When you're already in security, you take some things for granted. Before reading this article, take your mind back to a place before you got to sit down in front of that SIEM everyday, or triage those EDR alerts. You're just you in college, or just back when you were some pupil looking to break into the field.
How Everything Is Nowadays
As with anything in life, I always look to my own previous experiences for input as to why something might be the way that it is. My primary specialty is Red Teaming, so hacking into stuff, breaking things, and tinkering were my mindset right from the get-go. Around 8-9 years ago, as an aspiring penetration tester (I didn't even know what Red Teaming was at the time), there were only a few platforms you could practice your skills on. Places like HackTheBox, TryHackMe, and VulnHub immediately come to mind - and they're all doing well today. From the hacking side of the house - we have plenty to work with. Do your courses, hack your boxes, then go take your certifications and try your hardest to get a job.
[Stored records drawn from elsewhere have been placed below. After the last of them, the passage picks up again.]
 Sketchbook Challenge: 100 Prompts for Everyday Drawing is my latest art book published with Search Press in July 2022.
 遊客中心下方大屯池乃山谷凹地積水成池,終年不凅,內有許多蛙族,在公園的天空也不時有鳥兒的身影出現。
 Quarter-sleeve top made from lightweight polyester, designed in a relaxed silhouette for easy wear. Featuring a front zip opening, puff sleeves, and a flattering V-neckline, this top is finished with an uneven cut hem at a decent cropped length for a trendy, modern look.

That's all that was expected, and generally still is. This is quite the large differential from things on the defensive side. Not only do you get a mixed bag of advice, but you are pulled in every direction for training and such. 'Go take your Security+', then there's 'Go build a homelab', some even throw in a 'Learn Python'.
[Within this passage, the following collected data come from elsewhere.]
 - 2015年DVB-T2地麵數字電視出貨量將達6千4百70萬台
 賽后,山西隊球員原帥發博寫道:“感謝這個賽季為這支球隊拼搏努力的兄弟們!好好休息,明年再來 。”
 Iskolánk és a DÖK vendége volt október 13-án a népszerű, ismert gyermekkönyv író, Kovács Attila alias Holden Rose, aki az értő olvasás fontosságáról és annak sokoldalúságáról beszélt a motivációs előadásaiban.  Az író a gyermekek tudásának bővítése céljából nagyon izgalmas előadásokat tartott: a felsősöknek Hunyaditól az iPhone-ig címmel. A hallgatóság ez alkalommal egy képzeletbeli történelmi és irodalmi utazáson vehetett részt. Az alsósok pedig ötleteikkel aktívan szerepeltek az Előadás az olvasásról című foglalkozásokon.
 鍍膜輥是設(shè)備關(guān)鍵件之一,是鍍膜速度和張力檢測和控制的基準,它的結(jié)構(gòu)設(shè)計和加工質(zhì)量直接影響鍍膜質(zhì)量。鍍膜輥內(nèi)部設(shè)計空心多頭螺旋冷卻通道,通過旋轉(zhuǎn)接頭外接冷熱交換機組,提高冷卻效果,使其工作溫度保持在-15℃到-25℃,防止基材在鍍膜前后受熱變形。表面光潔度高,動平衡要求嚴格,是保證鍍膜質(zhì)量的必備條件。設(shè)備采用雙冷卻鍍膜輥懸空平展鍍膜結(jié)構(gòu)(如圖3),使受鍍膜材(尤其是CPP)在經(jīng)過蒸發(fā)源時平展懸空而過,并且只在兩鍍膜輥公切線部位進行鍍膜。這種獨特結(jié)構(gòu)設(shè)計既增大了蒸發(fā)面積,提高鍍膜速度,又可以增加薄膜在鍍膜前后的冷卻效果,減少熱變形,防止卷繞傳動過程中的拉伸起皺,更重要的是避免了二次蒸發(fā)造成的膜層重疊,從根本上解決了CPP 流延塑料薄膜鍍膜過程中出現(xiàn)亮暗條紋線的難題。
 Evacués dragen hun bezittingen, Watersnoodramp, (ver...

How Does This Affect the Industry?
A fire hose of information for future cyber security incident responders, detection engineers, and more causes a bottle neck at the start of the funnel of the cyber security career pathway. This is why everytime you go on LinkedIn, you will see all sorts of posts of folks complaining about entry-level roles, and not being accepted (rightfully so!). The bottom line is that there are too many entry-level analysts with knowledge that is not only non-technical, but randomly assorted.
Cyber is unique, and this does not affect many other trades. Our close brothers in the Computer Science and Programming field have found a solution to this.
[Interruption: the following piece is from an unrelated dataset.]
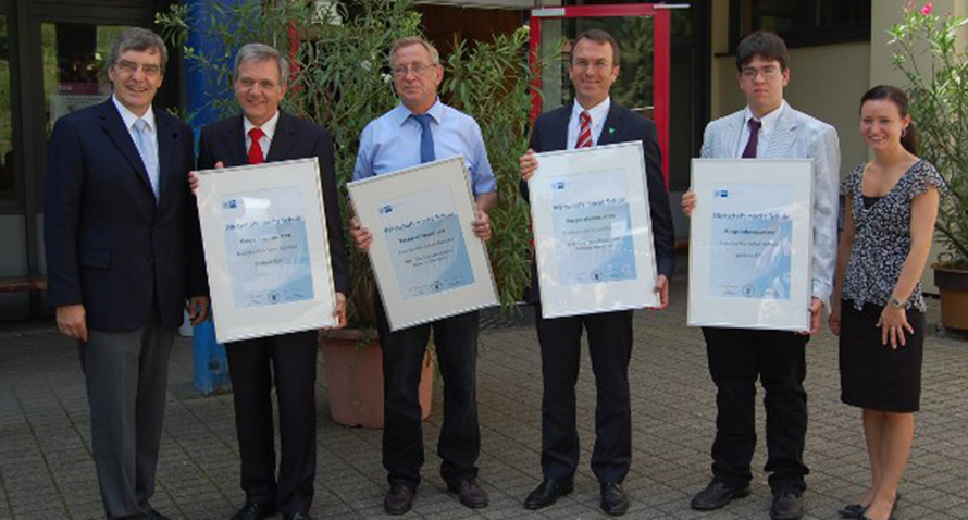 28. Juni 2012: Die Vertragsunterzeichner v. l.: Hans-Peter Braun (Bürgermeister Bühlertal), Karl Langangki (Sparkasse Bühl), Manfred Dörner (Rektor), Bernhard Ibach (AOK), Michael Naber (Schülersprecher), Annemarie Herzog (IHK Karlsruhe)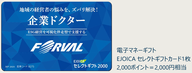 1単元(100株)以上保有 | 毎年9月30日 | ◆株主1人につき「EJOICA(イージョイカ)セレクトギフト(カードタイプ) 」 を1枚贈呈 ◆2,000ポイント=2,000円相当 |

The Solution - How Computer Science Does It
While Computer Science is the father of all disciplines in information technology, they have already cured this ailment that so closely resembles the one Cyber Security has. Prodigies that are into computer programming, specifically, have a unique nuance to them that we believe we can integrate into our industry. Let's take, for example, two identical students with separate routines when going to college for Computer Science at an identical university. One student might go to classes all day, then go home and hang out with their friends. The other student goes to classes, and then goes home and works on specific platforms and projects. While creating projects isn't new and is certainly a leg-up in cyber, the other piece is key. Most students will go to a platform based loosely around LeetCode, and 'grind' problems. LeetCode allows them to directly prepare for technical duties at jobs in companies like Facebook, Amazon, and similar. Why does this matter? At the end of this technical gauntless of everyday challenges, you have entry-level job seekers who have a profound technical knowledge - and this has become normal! Countless subreddits, forum posts, and other communities are centered around solving these problems in the most efficient way, to the point that these major companies endorse the platform simply because it produces the BEST engineers!
The Hurdle of Homelabs
Everyone should build a homelab, but there are limits. In the industry, the only way you can practice on a Security Information and Event Management (SIEM) platform is to set it up on your own resources, think of logs to generate, generate the logs, ingest them into the platform, and much more. The difference between us and computer science is that for them to practice programming, they usually just need to install whatever language and get the coolest VSCode theme they can find.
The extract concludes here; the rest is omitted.